U.S. Department of Justice

Marcos Daniel Jiménez
United States Attorney for the
Southern District of Florida

 
99 N.E. 4th Street
Miami, FL 33132
(305) 961-9001

PRESS RELEASE


FOR IMMEDIATE RELEASE

For Information Contact Public Affairs
March 11, 2004 Matthew Dates, Special Counsel for Public Affairs, (305) 961-9285
Yovanny Lopez, Public Affairs Specialist, (305) 961-9316

FORMER HEAD OF BROKERAGE FIRM PLEADS GUILTY TO SECURITIES FRAUD

Marcos Daniel Jiménez, United States Attorney for the Southern District of Florida, and Jonathan I. Solomon, Special Agent in Charge of the Federal Bureau of Investigation (FBI), Miami Field office, announced today that Mark Valentine, the former Chairman of Thomson Kernaghan, a Toronto, Canada based brokerage firm, pleaded guilty yesterday to one count of securities fraud in United States District Court, Fort Lauderdale, Florida. The defendant faces a maximum term of ten years’ imprisonment, to be followed by a term of supervised release, a fine of up to $250,000 and the imposition of court costs. Sentencing is presently scheduled for May 21, 2004, before United States District Court Judge James Cohn.

This conviction stemmed from a two-year undercover investigation conducted by the FBI, named Operation Bermuda Short, which targeted corrupt practices in the securities industry in South Florida. An agent of the FBI, acting in an undercover capacity, posed as a corrupt securities trader employed by a United States-based representative of a fictitious foreign mutual fund that had a number of investors who had invested millions of dollars. The undercover agent claimed that he worked with two due diligence officers whose job was to research and approve which securities the agent would be allowed to purchase on behalf of the mutual fund’s investors. The undercover agent also claimed that a purported manager of the mutual fund was corrupt and had knowledge of the agent’s corrupt activities concerning the fund.

In the part of the investigation involving Valentine, the defendant had agreed to arrange the sale of stock in a publicly traded company called Softquad Software Ltd., a Delaware based holding company, to the fictitious mutual fund, knowing or believing that approximately 25% of the sale price would be paid back to the brokers and manager of the fund in the form of an undisclosed commission or “kickback.” Valentine had also been told that the due diligence officers of the fund had been paid off to approve the sale.

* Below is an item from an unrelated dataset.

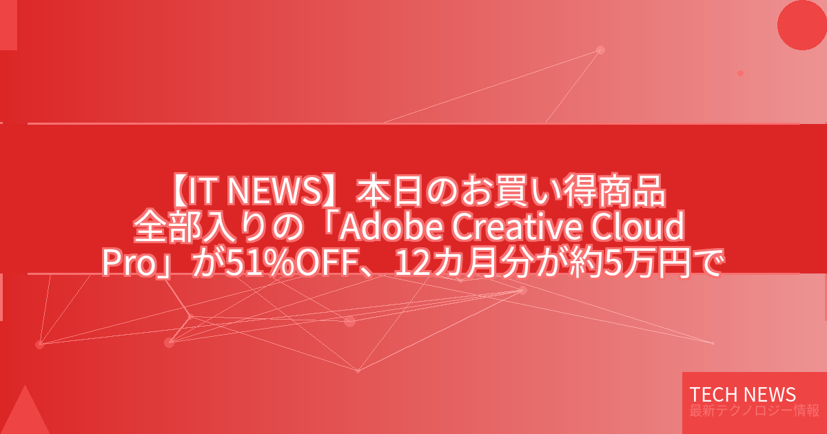 記事タイトル:本日のお買い得商品 全部入りの「Adobe Creative Cloud Pro」が51%OFF、12カ月分が約5万円で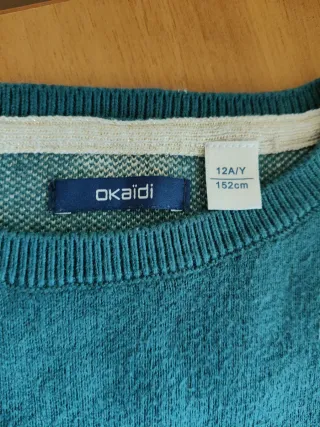Gilet bambino 10-11 anni, imbottito, colore tra il blu e il verde, marca Quechua originale, lateralmente ci sono 2 fasce elastiche, tasche con zip, molto comodo. In perfette condizioni, come nuovo. Buona vestibilità

Mr. Jiménez commended the investigative efforts of the Federal Bureau of Investigation, as well as the cooperative efforts of the Southeast Regional Office of the United States Securities and Exchange Commission and the Criminal Prosecution Assistance Group of the NASD. The case pertaining to Valentine is being prosecuted by Assistant United States Attorneys Edward C. Nucci and Roger H. Stefin.